Introduction

For studying machine learning and Bayesian optimization, I tried to score k, kaggle's tutorial-like competition "Titanic: Machine Learning from Disaster" with a neural network. For high-para optimization, we use Preferred Networks' optuna library (official site) (https://preferred.jp/ja/projects/optuna/'optuna library').

result

Public Score : 0.7655

Note

I will put the link of the kaggle note. kaggle notebook

code

Preprocessing

The first is pre-processing for deletion of features that are unlikely to be related to defective land processing. I did it by intuition.

train = train.fillna({'Age':train['Age'].mean()})
X_df = train.drop(columns=['PassengerId','Survived', 'Name', 'Ticket', 'Cabin', 'Embarked'])
y_df = train['Survived']

Next is the acquisition of dummy variables.

X_df = X_df.replace('male', 0)
X_df = X_df.replace('female', 1)

Divide the data into training and evaluation.

from sklearn.model_selection import train_test_split
X_train, X_val, y_train, y_val = train_test_split(X_df.values, y_df.values, test_size=0.25, shuffle=True, random_state=0)

Let's take a look at the contents of X_train. The column names are Pclass, Sex, Age, SibSp, Parch, Fare.

[[ 3.          0.         28.          0.          0.          7.8958    ]
 [ 3.          1.         17.          4.          2.          7.925     ]
 [ 3.          0.         30.          1.          0.         16.1       ]
 ...
 [ 3.          0.         29.69911765  0.          0.          7.7333    ]
 [ 3.          1.         36.          1.          0.         17.4       ]
 [ 2.          0.         60.          1.          1.         39.        ]]

neural network

We will build a neural network model. Only fully connected layer. Optuna also optimizes the number of hidden layers and the number of units.

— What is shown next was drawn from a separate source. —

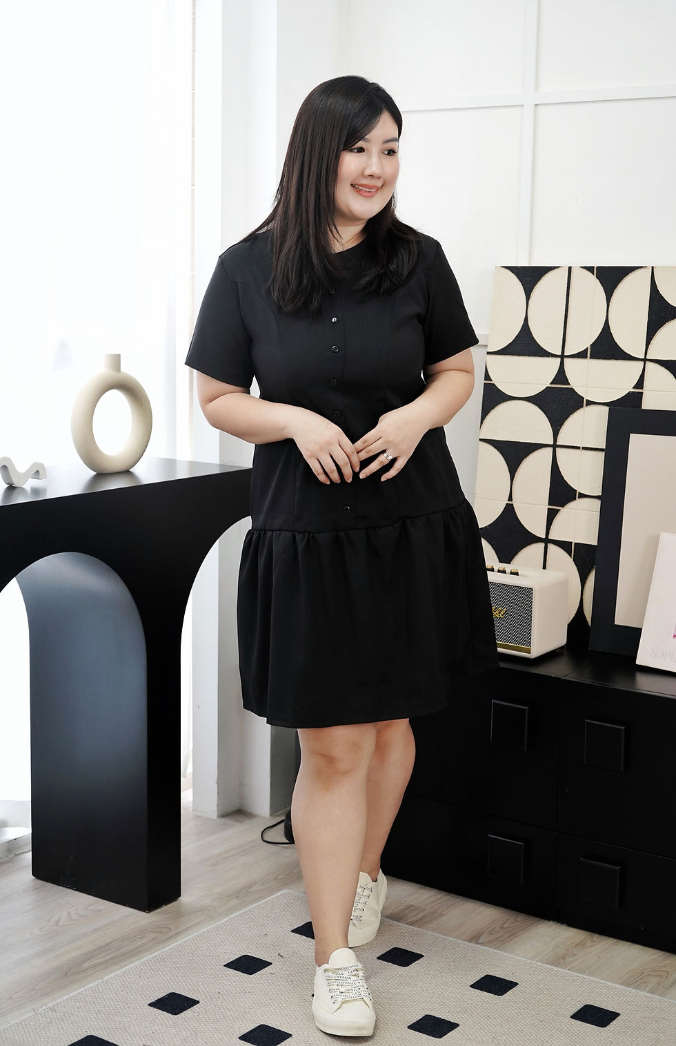 - Model J is 162cm, wears UK12

def create_model(activation, num_hidden_layer, num_hidden_unit):
    inputs = Input(shape=(X_train.shape[1],))
    model = inputs
    for i in range(1,num_hidden_layer):
        model = Dense(num_hidden_unit, activation=activation,)(model)
        
        
    model = Dense(1, activation='sigmoid')(model)
    model = Model(inputs, model)

    return model

Determine the range of parameters to optimize with optuna. It minimizes or maximizes the return value of the function. The default is minimized. If you want to maximize it, you can do it with create_study ('direction = maximize) which will appear later.

def objective(trial):
    K.clear_session()
    
    activation = trial.suggest_categorical('activation',['relu','tanh','linear'])
    optimizer = trial.suggest_categorical('optimizer',['adam','rmsprop','adagrad', 'sgd'])

    
    num_hidden_layer = trial.suggest_int('num_hidden_layer',1,5,1)
    num_hidden_unit = trial.suggest_int('num_hidden_unit',10,100,10)
    

    
    learning_rate = trial.suggest_loguniform('learning_rate', 0.00001,0.1)
    if optimizer == 'adam':
      optimizer = Adam(learning_rate=learning_rate)
    elif optimizer == 'adagrad':
      optimizer = Adagrad(learning_rate=learning_rate)
    elif optimizer =='rmsprop':
      optimizer = RMSprop(learning_rate=learning_rate)
    elif optimizer =='sgd':
      optimizer = SGD(learning_rate=learning_rate)
    
    
    model = create_model(activation, num_hidden_layer, num_hidden_unit)
    model_list.append(model)
    model.compile(optimizer=optimizer, loss='binary_crossentropy', metrics=['acc', 'mape'],)
    
    es = EarlyStopping(monitor='val_acc', patience=50)
    history = model.fit(X_train, y_train, validation_data=(X_val, y_val), verbose=0, epochs=200, batch_size=20, callbacks=[es])
    
   
    history_list.append(history)
    
    val_acc = np.array(history.history['val_acc'])
    
    return 1-val_acc[-1]

Learn and optimize. After the optimization, I put each model in a list for easy re-learning. It took about 6 minutes and 12 seconds.

model_list=[]
history_list=[]
study_name = 'titanic_study'
study = optuna.create_study(study_name=study_name,storage='sqlite:///../titanic_study.db', load_if_exists=True)
study.optimize(objective, n_trials=50, )

See the result of the optimization.

print(study.best_params)
print('')
print(study.best_value)

The result of optimization. I'm sorry for the miscellaneous. The top is each high para, and the bottom is the correct answer rate.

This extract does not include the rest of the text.